Image preprocessing for OCR can be tuned via OcrConfig(tesseract_config=TesseractConfig(preprocessing=ImagePreprocessingConfig(...))) with options for target DPI, auto-rotate, deskew, denoise, contrast enhancement, and binarization method.

init

__init__(
    *,
    config: ExtractionConfig | None = None,
    config_path: str | Path | None = None,
    store_full_path: bool = False,
    batch: bool = True,
    easyocr_kwargs: dict[str, Any] | None = None
) -> None

Create a KreuzbergConverter component.

Parameters:

  • config (ExtractionConfig | None) – An optional kreuzberg.ExtractionConfig object to customize extraction behavior. Use this to set output format, OCR backend and language, force-OCR mode, per-page extraction, chunking, keyword extraction, and other kreuzberg options. If not provided, kreuzberg's defaults are used. See the kreuzberg API reference for the full list of configuration options.
  • config_path (str | Path | None) – Path to a kreuzberg configuration file (.toml, .yaml, or .json). Cannot be used together with config.
  • store_full_path (bool) – If True, the full file path is stored in the Document metadata. If False, only the file name is stored.
  • batch (bool) – If True, use kreuzberg's batch extraction APIs, which leverage Rust's rayon thread pool for parallel processing. If False, sources are extracted one at a time.
  • easyocr_kwargs (dict[str, Any] | None) – Optional keyword arguments to pass to EasyOCR when using the "easyocr" backend. Supports GPU, beam width, model storage, and other EasyOCR-specific options. See the EasyOCR documentation for the full list of supported arguments.

to_dict

to_dict() -> dict[str, Any]

Serialize this component to a dictionary.

Returns:

  • dict[str, Any] – Dictionary with serialized data.

from_dict

from_dict(data: dict[str, Any]) -> KreuzbergConverter

Deserialize this component from a dictionary.

Parameters:

  • data (dict[str, Any]) – Dictionary to deserialize from.

Returns:

  • KreuzbergConverter – Deserialized component.

run

run(
    sources: list[str | Path | ByteStream],
    meta: dict[str, Any] | list[dict[str, Any]] | None = None,
) -> dict[str, list[Document]]

Convert files to Documents using Kreuzberg.

Parameters:

  • sources (list[str | Path | ByteStream]) – List of file paths, directory paths, or ByteStream objects to convert. Directory paths are expanded to their direct file children (non-recursive, sorted alphabetically).
  • meta (dict[str, Any] | list[dict[str, Any]] | None) – Optional metadata to attach to the Documents. This value can be either a list of dictionaries or a single dictionary. If it's a single dictionary, its content is added to the metadata of all produced Documents. If it's a list, the length of the list must match the number of sources, because the two lists will be zipped.
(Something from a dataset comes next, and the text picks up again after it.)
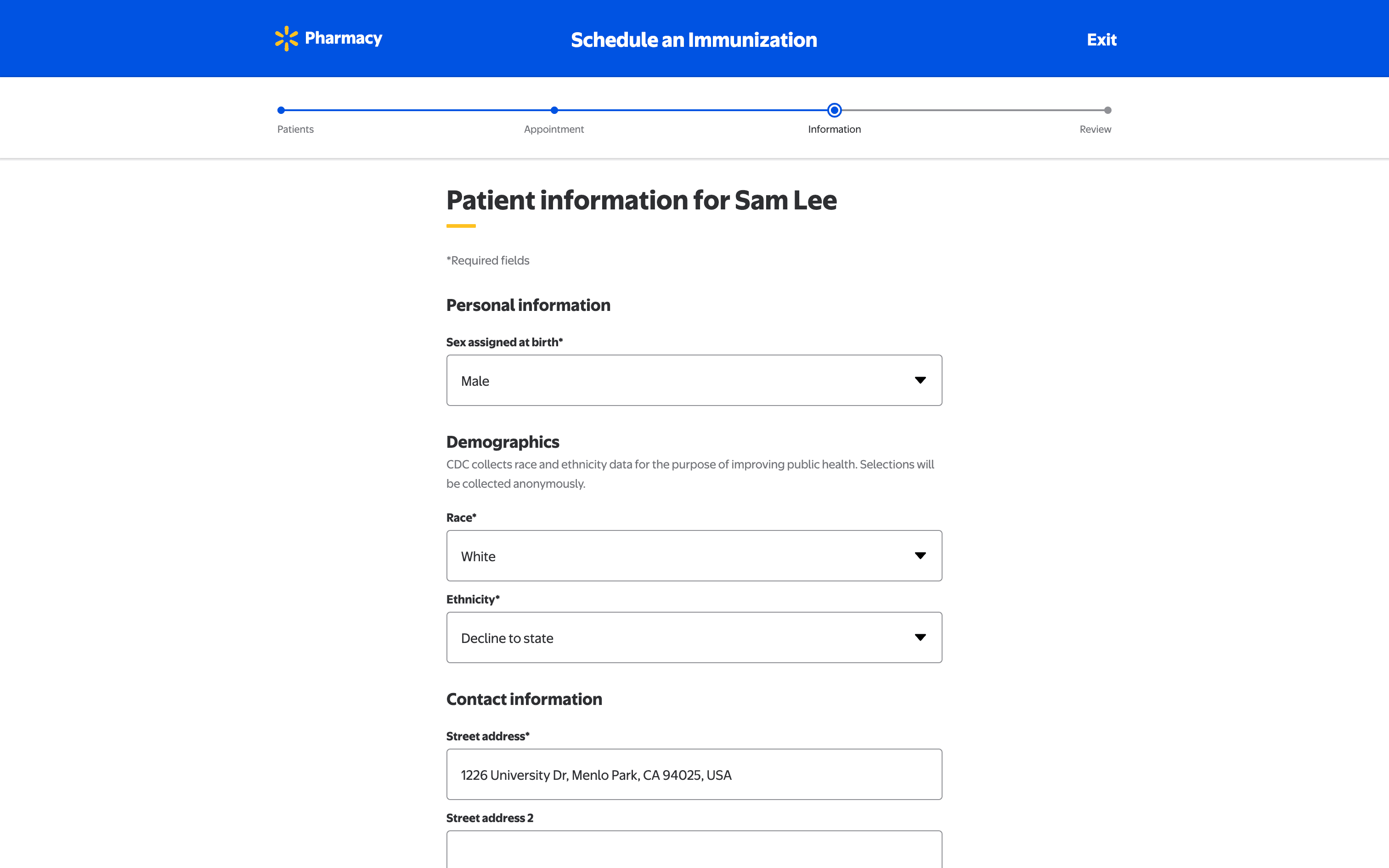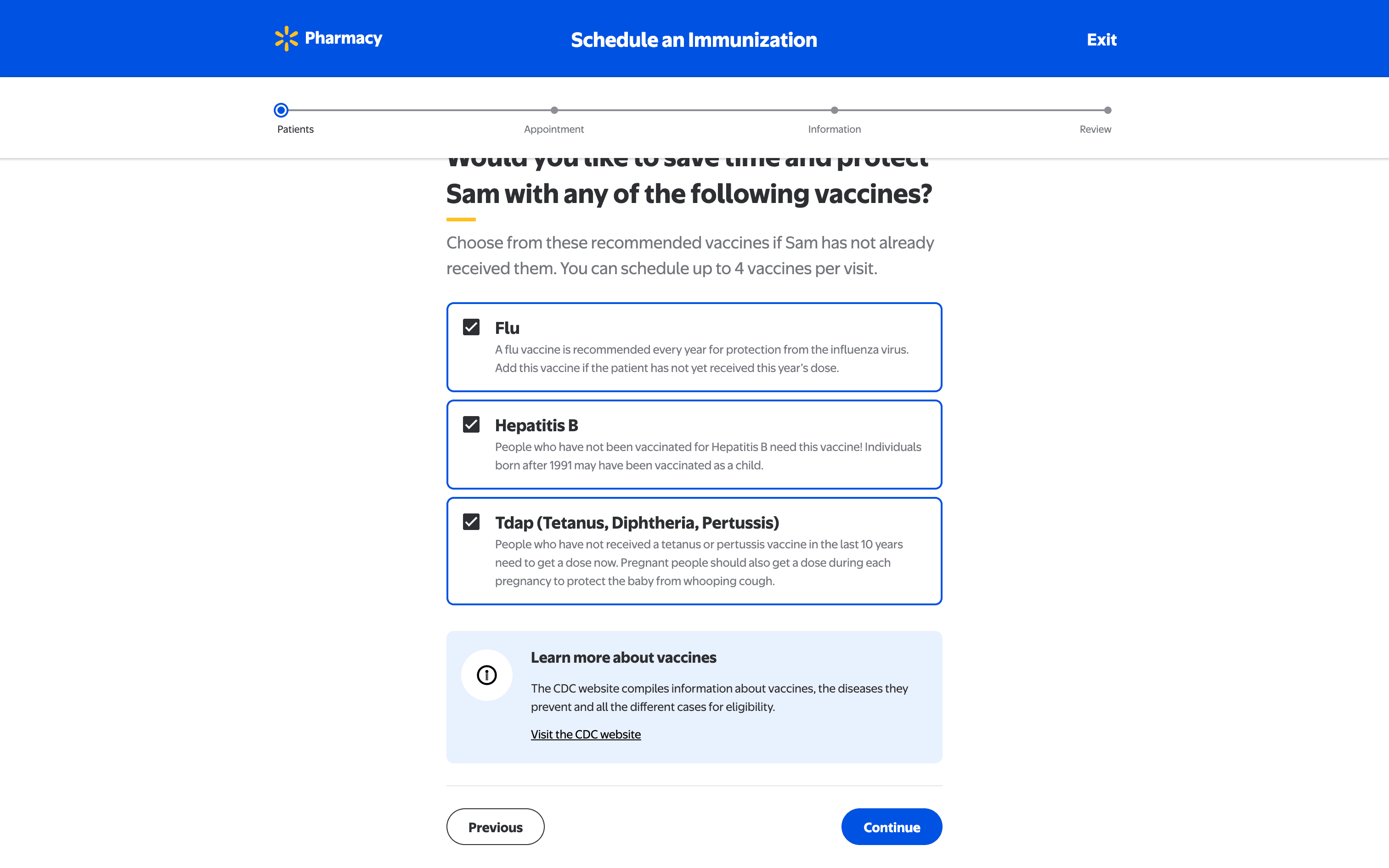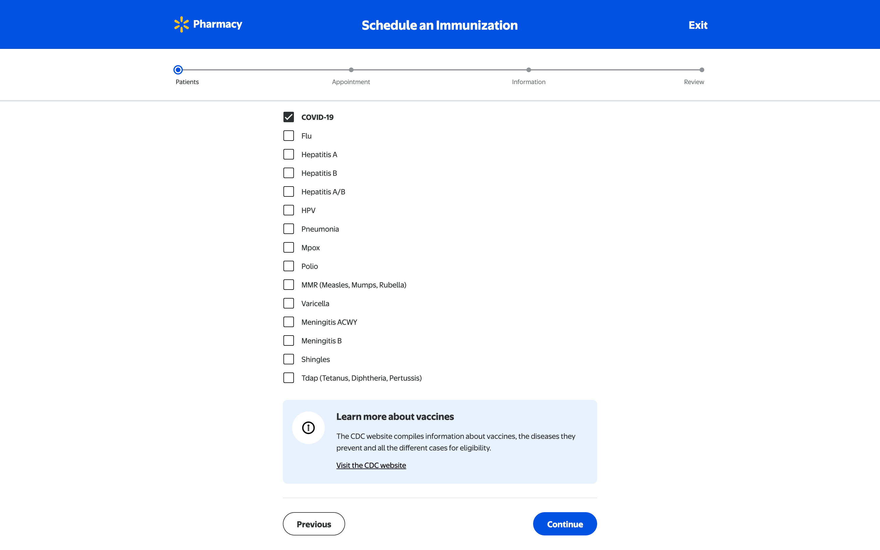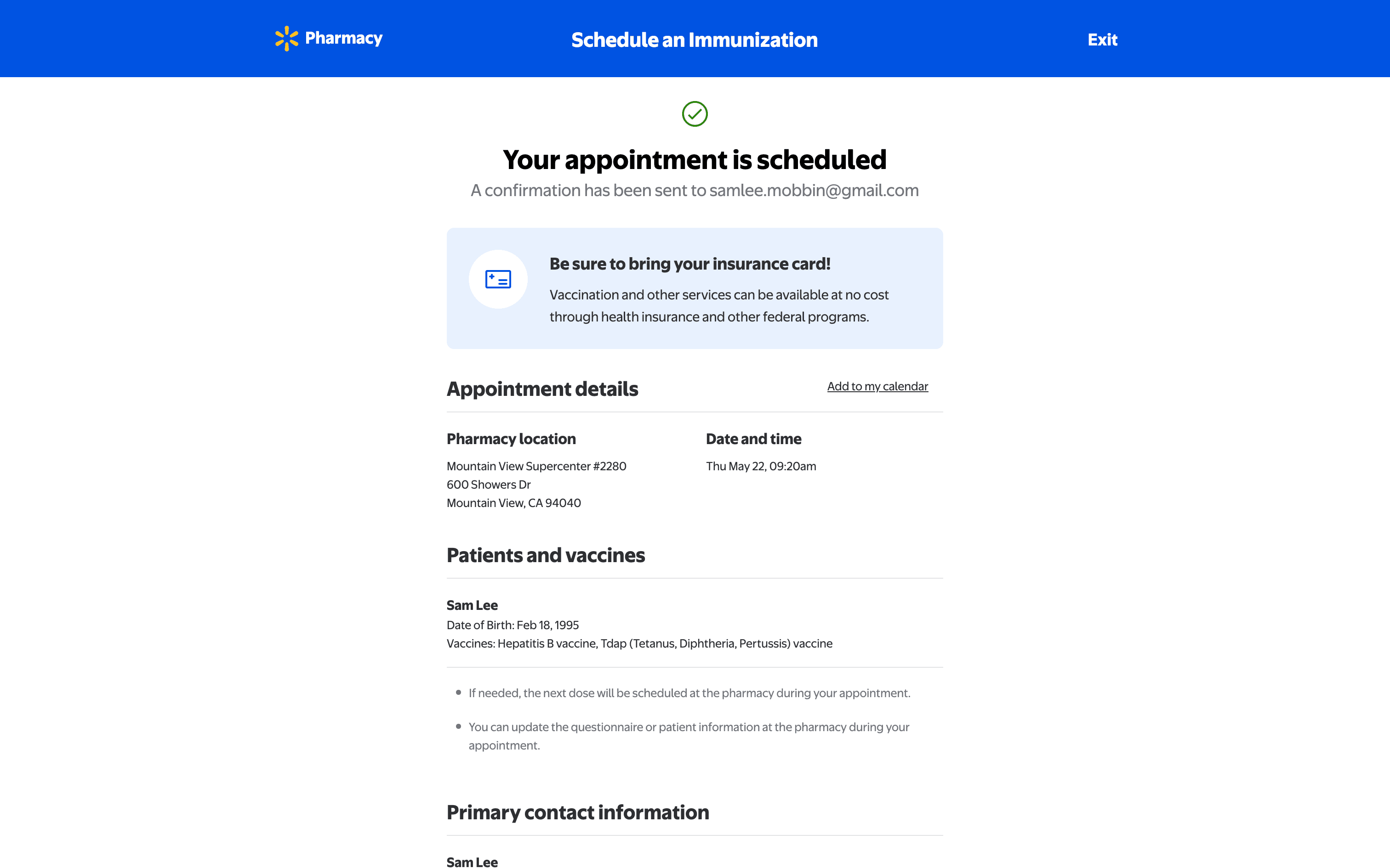 The user schedules an immunization by providing patient details, selecting vaccines, choosing an appointment time, and confirming the appointment. The flow concludes with an appointment confirmation.

If sources contains ByteStream objects, their meta will be added to the output Documents.

Note: When directories are present in sources, meta must be a single dictionary (not a list), since the number of files in a directory is not known in advance.

Returns:

  • dict[str, list[Document]] – A dictionary with the following key:

  • documents: A list of created Documents.